Joe Bastianich, Tim Love and Antonia Lofaso Talk CNBC’s Restaurant Startup 

Photo Credit: CNBC
Photo Credit: CNBC

I loved last week’s season 2 premiere and I can’t wait to watch “The Comeback Cook,” where investors Joe Bastianich and Tim Love hear from two entrepreneurs who had to put their culinary dreams on hold due to terrible setbacks. Everyone loves a comeback story, right?

TV Goodness attended the Winter 2015 TCAs and had the pleasure of hearing Joe, Tim, culinary consultant Antonia Lofaso and CNBC’s SVP of Primetime Alternative Jim Ackerman talk about who they’re looking to invest in, the real stakes of investing in businesses that fail all the time and so much more.

Jim Ackerman: “One reason we’re proud of Restaurant Startup is that the stakes are real. Joe and Tim are putting their own money on the line and giving real opportunities to the entrepreneurs who come on the show.

Now that we’re starting our second season, there’s some updates from the first season I’d like to share. Tim struck a deal with a team of scrappy line cooks from Seattle. He invested $200,000 and this spring, Seattle’s first “congee” restaurant will open in Pioneer Square.

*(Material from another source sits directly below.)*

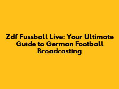 Zdf Fussball Live: Your Ultimate Guide to German Football Broadcasting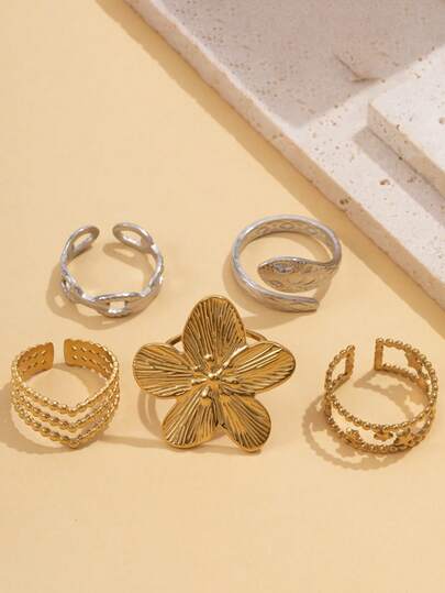 Set de 5 anillos de acero inoxidable vintage personalizados, con diseños de flor 3D, serpiente, bola hueca y estrella, ajustables e hipoalergénicos, adecuados para mujeres, ideales para Pascua, Día de la Madre, uso diario, fiestas y regalos festivos

If you’re not familiar with congee, it’s an Asian porridge, very popular and very delicious.

Joe did a $250,000‑dollar deal with Baby’s Bad Ass Burgers, a popular food truck brand you’ve probably seen on the streets of L.A. Joe and his new partners are buying trucks and are currently looking for a brick and mortar location.

Real deals. Real opportunities.

This season features exciting new concepts, inventive cooking techniques, and for the first time, specially themed episodes, including chefs that are striving to overcome personal setbacks, businesses desperate to change locations, and established restaurants that are looking to launch a second location, among others.”

How would each of the chefs have done at the career stage where the contestants are on a competition like this?

Antonia Lofaso: “That’s actually a great question, because I started my career on Top Chef. I think that really catapulted me into a space where I was able to deliver my ideas and food at the forefront of the restaurant world. You don’t really know until you’re given the opportunity, until you’re put into that situation and you’re under that intense pressure if you can really rise to the occasion and get it done.”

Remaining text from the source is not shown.